Sometimes I wonder if it’s possible to care too much.
To believe so strongly in someone’s potential that you find yourself doing the heavy lifting:pitching their products, preparing samples, following up, believing for them when they no longer do.
And then, when everything’s ready, when the opportunity you’ve worked so hard to open finally appears, they step back.
Silence follows. Promises fade. Excuses come quietly.
And you sit there, holding the weight of what could have been.
Lately, this thought lingers more than I’d like to admit;
about how fragile progress can be when it depends on courage, and how fear often wins the conversation.
Not because people don’t want to grow, but because growth asks for something that feels heavier than they expect i.e commitment.

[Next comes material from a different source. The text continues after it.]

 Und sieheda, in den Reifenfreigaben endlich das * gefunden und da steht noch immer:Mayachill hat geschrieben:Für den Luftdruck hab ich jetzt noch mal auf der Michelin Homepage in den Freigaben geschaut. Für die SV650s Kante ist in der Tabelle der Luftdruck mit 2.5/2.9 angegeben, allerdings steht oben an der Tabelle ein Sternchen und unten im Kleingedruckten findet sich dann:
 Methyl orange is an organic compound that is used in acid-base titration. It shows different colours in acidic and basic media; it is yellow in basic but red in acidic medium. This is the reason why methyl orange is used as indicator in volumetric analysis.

I’ve seen this happen too many times.
A door opens , although not wide, but just enough to let the light in. Still, no one walks through.
The timing isn’t right. The monetary value feels too much. The doubt feels louder than the dream.

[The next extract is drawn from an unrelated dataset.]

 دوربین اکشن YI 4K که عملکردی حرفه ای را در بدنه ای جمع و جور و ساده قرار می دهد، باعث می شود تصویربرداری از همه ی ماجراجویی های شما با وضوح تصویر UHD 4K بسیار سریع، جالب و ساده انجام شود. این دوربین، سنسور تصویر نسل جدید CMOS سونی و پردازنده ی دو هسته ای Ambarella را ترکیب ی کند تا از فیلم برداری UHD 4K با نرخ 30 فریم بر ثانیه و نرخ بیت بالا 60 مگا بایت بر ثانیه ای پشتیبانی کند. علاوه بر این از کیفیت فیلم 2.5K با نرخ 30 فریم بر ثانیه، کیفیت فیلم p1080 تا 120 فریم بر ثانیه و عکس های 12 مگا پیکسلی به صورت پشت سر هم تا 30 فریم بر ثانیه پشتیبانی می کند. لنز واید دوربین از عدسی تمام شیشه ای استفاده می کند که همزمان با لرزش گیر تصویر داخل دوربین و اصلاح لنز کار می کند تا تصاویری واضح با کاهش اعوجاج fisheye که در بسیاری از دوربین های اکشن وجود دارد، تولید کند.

It’s easy to say “next time.” But next time rarely looks the same.
Maybe this is the part of leadership that no one talks about.

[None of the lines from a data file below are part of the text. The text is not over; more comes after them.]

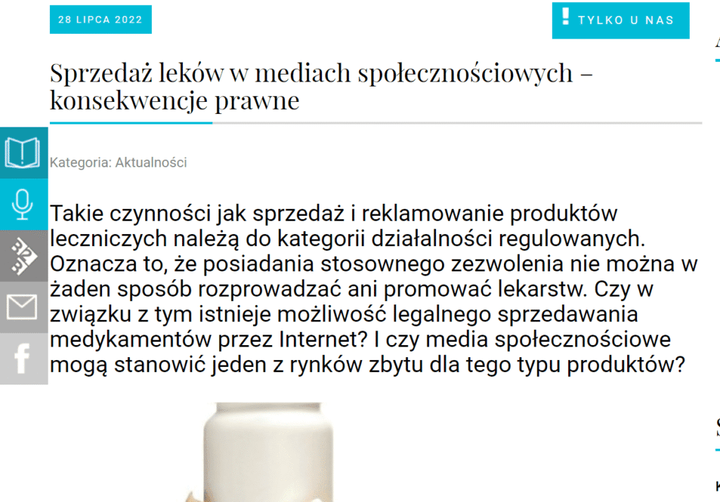 Sprzedaż leków w mediach społecznościowych - konsekwencje prawne
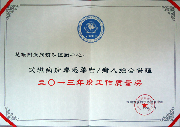 2014年3月省疾控中心授予2013年度艾滋病综合管理工作质量奖
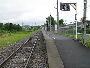 The station has one side platform serving a single bi-directional track. The station is unattended. There is no station building, but only a small waiting booth on the platform.
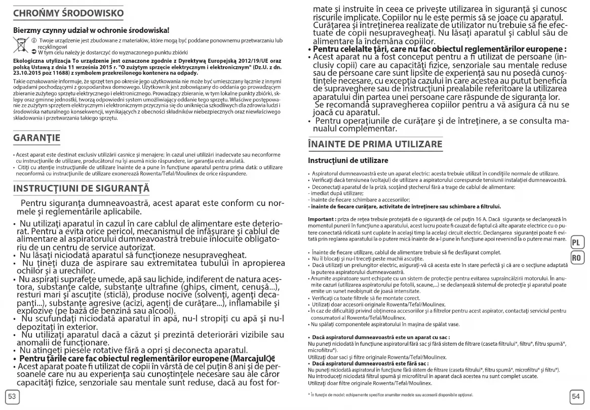 - În caz de dicultăţi privind obţinerea accesoriilor şi a ltrelor pentru acest aspirator, contactaţi serviciul pentru consumatori al Rowenta/Tefal/Moulinex. • Nu spălați componentele aspiratorului în mașina de spălat vase.• Dacă aspiratorul dumneavoastră este un aparat cu sac : Nu puneţi niciodată în funcţiune aspiratorul fără sac şi fără sistem de ltrare (caseta ltrului*, ltru*, ltru spumă*, microltru*).Utilizaţi doar saci şi ltre originale Rowenta/Tefal/Moulinex. • Dacă aspiratorul dumneavoastră este fără sac : Nu puneţi niciodată aspiratorul în funcţiune fără sistem de ltrare (caseta ltrului*, ltru spumă*, microltru* şi ltru*). Nu introduceţi niciodată ltrul spumă şi microltrul în aparat dacă acestea nu sunt complet uscate.Utilizaţi doar ltre originale Rowenta/Tefal/Moulinex. GARANŢIE

The quiet heartbreak that comes when you’ve built a bridge and no one crosses it. You learn that your role isn’t to push people forward, but to keep building anyway, even when they don’t see the value yet.
Because that’s what belief really is: doing the work even when it’s unseen.
There’s a kind of loneliness in that, but also a strange peace.
You remind yourself that not every opportunity is meant to be taken, and not every person is ready for what they asked for.
But still, it hurts to watch potential go to waste, knowing how rare it is for the right doors to open at the right time.
Maybe that’s what transformation really means not changing others, but learning to stay steady when they don’t.
And so I remind myself , this is what MyGalore was built for.
Not just to sell products, but to create chances.
To open doors for those who might never reach them otherwise.
Some will walk through, and some won’t. But that doesn’t make the effort meaningless.
It only means that faith has to outlast disappointment.
Because every bridge we build, every pitch, every partnership, every “almost” that didn’t happen still adds to something larger: a movement that believes in possibility.
And maybe one day, those who turned away will find the courage to return.
When they do, I hope the doors are still there waiting, quietly, just like hope does.